**REQUIRED ACTION**
There should be no pictures in your answer, only an exact copy of the lines from the one with "Zamówienie dotarło bez" through the end of the material.

**DATASET SECTION**

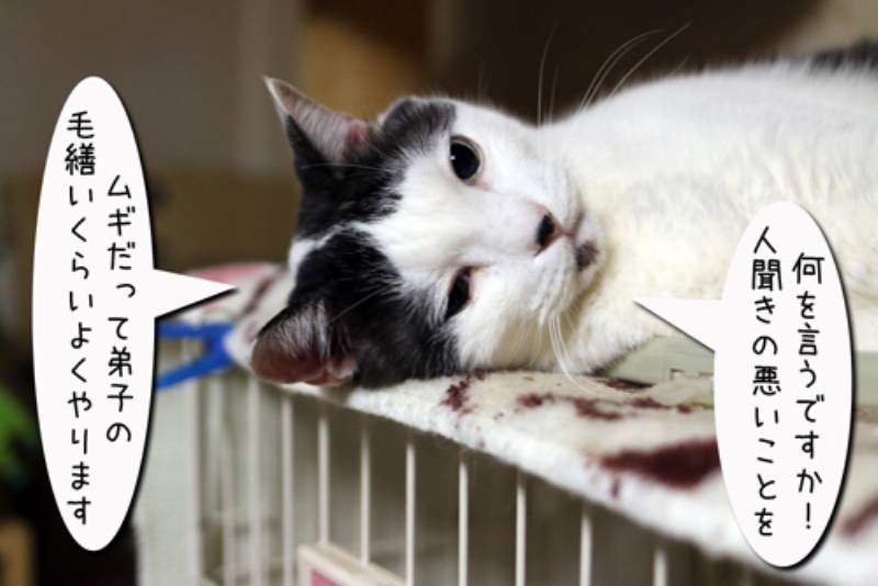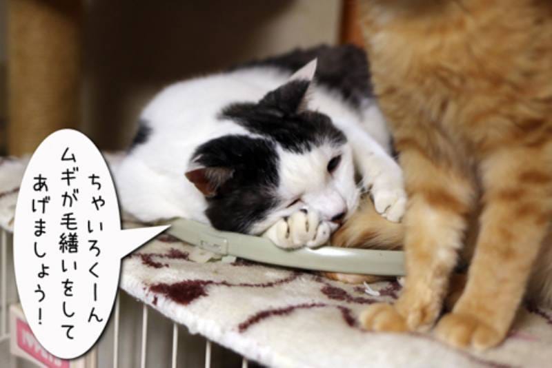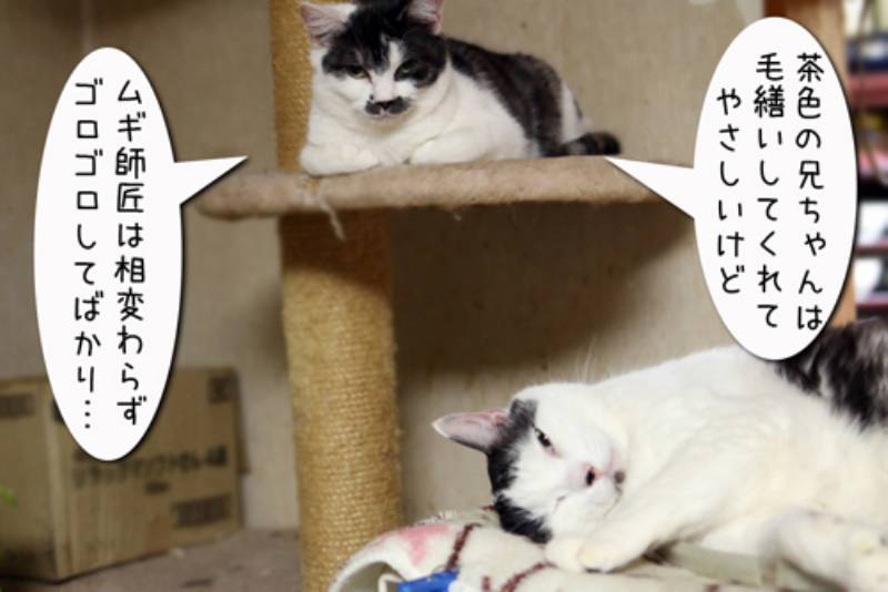 モカがお母さんのような存在ならばムギはどうでしょうか? 白黒ちゃんが観察していると…いつもゴロゴロしています。 それを聞いたムギは、ムギだって毛繕い位出来ます!と張り切るのですが… 茶色のシマシマを見たムギはつい尻尾をガジガジ。 でもムギの周りも子猫でいっぱい。ご飯は盗むし毛繕いも毛並みの逆にするムギですが、どうやら子猫には好かれているようです。
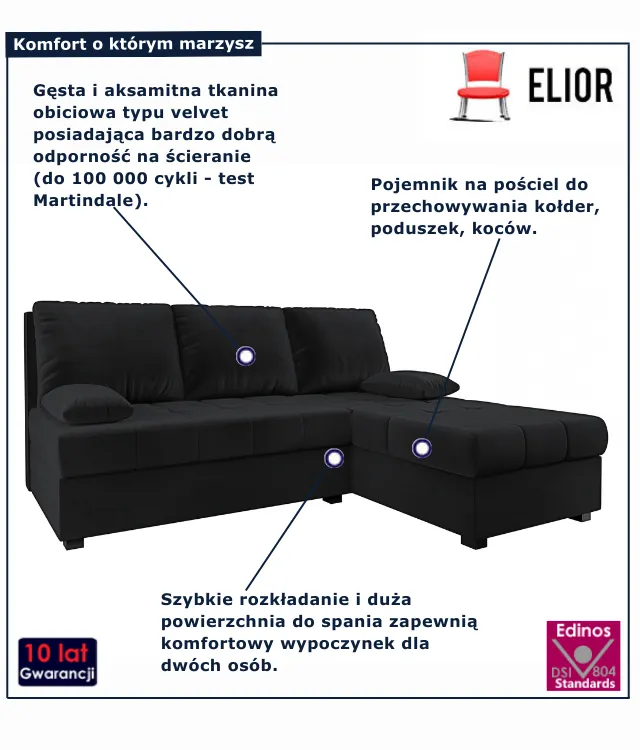Zamówienie dotarło bez uszkodzeń i we właściwym dniu. Materiał welurowy prezentuje się bardzo dobrze, a czarny kolor dodaje wnętrzu elegancji. Siedzisko jest miękkie, a cała konstrukcja stabilna. Narożnik wygląda solidnie i dobrze komponuje się z innymi meblami w salonie.
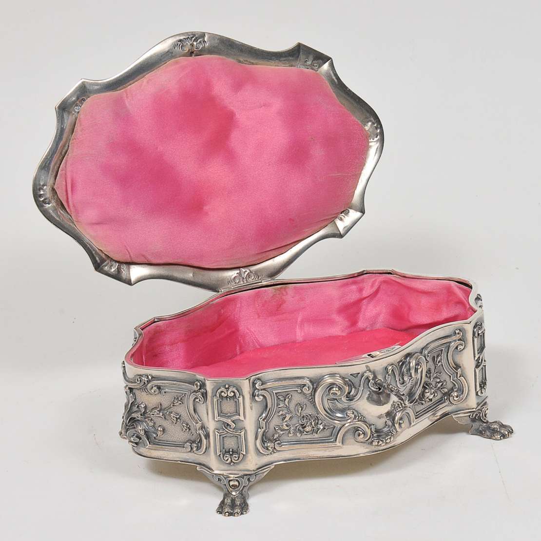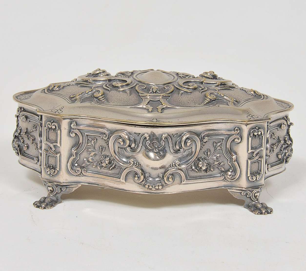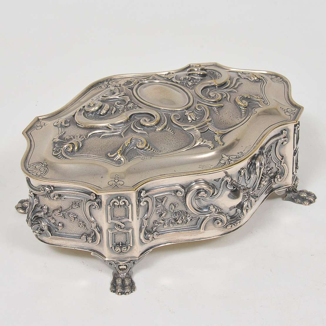 Caixa retangular chanfrada em prata inglesa lavrada e cinzelada, ornamentada por cenas medievais de caça, com aves e ...
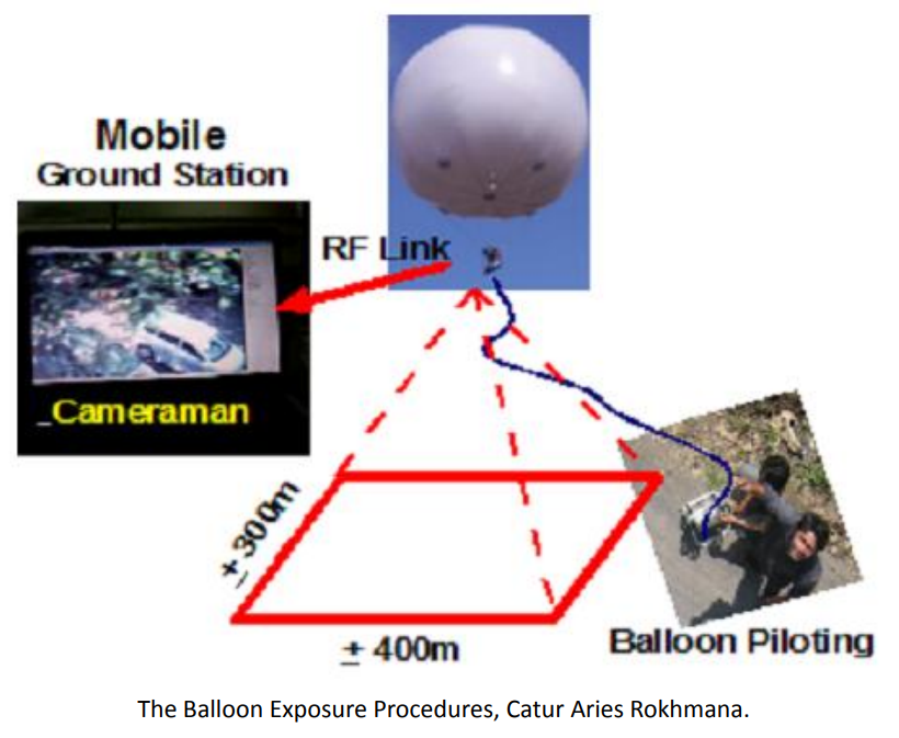 Aerial fotogrametri melibatkan pesawat rc / UAV ( Unmaned Aerial Vehicle) atau drone Kamera dipasang di pesawat terbang dan biasanya mengarah secara vertikal ke tanah.

**ANSWER TO THIS PROBLEM**
Zamówienie dotarło bez uszkodzeń i we właściwym dniu. Materiał welurowy prezentuje się bardzo dobrze, a czarny kolor dodaje wnętrzu elegancji. Siedzisko jest miękkie, a cała konstrukcja stabilna. Narożnik wygląda solidnie i dobrze komponuje się z innymi meblami w salonie.
 Caixa retangular chanfrada em prata inglesa lavrada e cinzelada, ornamentada por cenas medievais de caça, com aves e ...
 Aerial fotogrametri melibatkan pesawat rc / UAV ( Unmaned Aerial Vehicle) atau drone Kamera dipasang di pesawat terbang dan biasanya mengarah secara vertikal ke tanah.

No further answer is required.